DATA FOR THIS EXERCISE Start Marker

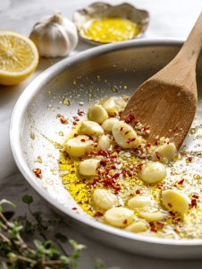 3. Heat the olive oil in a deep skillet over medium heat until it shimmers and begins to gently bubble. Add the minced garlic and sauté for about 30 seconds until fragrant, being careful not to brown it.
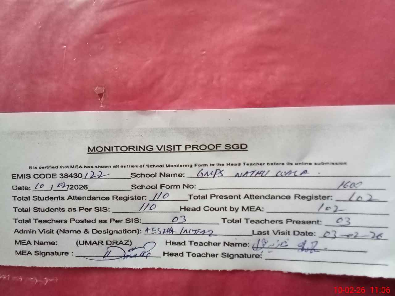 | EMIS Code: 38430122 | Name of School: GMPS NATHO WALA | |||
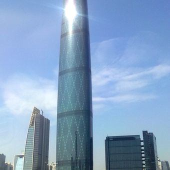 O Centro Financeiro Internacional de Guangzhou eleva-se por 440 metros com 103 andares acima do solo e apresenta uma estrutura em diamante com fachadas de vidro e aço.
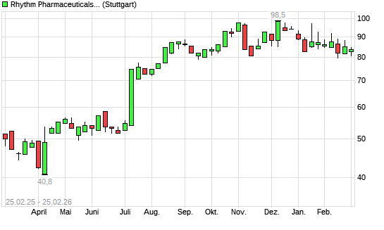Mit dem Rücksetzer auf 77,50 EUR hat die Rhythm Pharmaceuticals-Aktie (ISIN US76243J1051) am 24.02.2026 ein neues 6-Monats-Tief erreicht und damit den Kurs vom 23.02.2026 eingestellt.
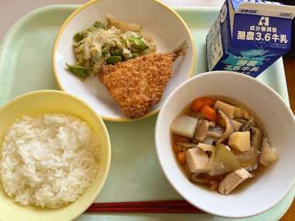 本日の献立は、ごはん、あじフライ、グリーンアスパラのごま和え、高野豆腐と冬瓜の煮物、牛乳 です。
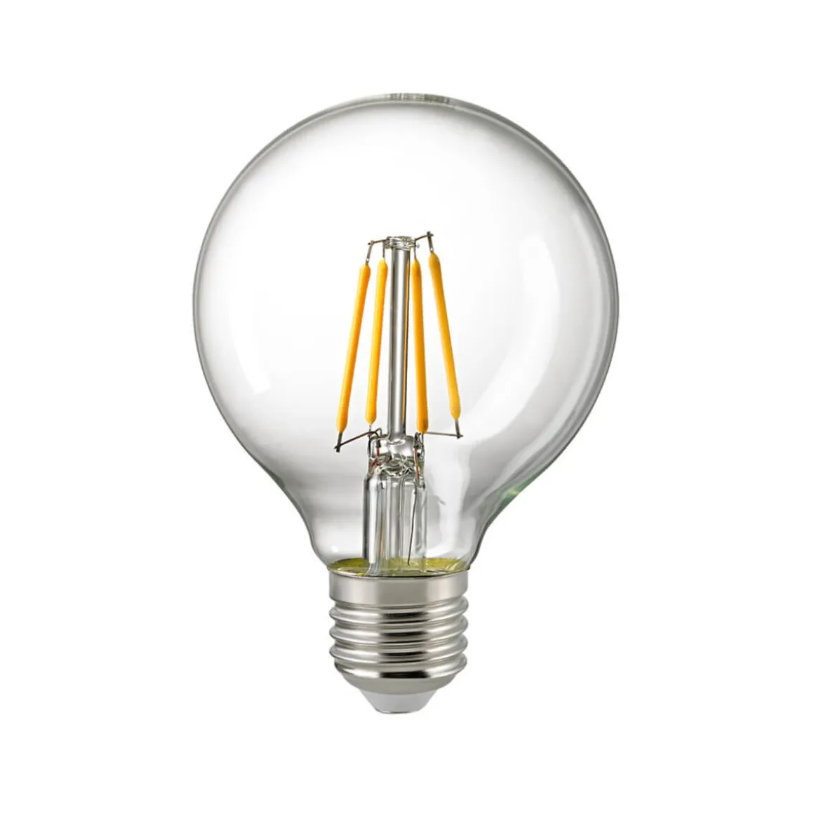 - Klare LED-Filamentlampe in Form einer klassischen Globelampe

DATA FOR THIS EXERCISE End Marker

TASK DESCRIPTION: The whole of the data needs to be copied word for word, though not its pictures.

REPLY:
 3. Heat the olive oil in a deep skillet over medium heat until it shimmers and begins to gently bubble. Add the minced garlic and sauté for about 30 seconds until fragrant, being careful not to brown it.
 | EMIS Code: 38430122 | Name of School: GMPS NATHO WALA | |||
 O Centro Financeiro Internacional de Guangzhou eleva-se por 440 metros com 103 andares acima do solo e apresenta uma estrutura em diamante com fachadas de vidro e aço.
Mit dem Rücksetzer auf 77,50 EUR hat die Rhythm Pharmaceuticals-Aktie (ISIN US76243J1051) am 24.02.2026 ein neues 6-Monats-Tief erreicht und damit den Kurs vom 23.02.2026 eingestellt.
 本日の献立は、ごはん、あじフライ、グリーンアスパラのごま和え、高野豆腐と冬瓜の煮物、牛乳 です。
 - Klare LED-Filamentlampe in Form einer klassischen Globelampe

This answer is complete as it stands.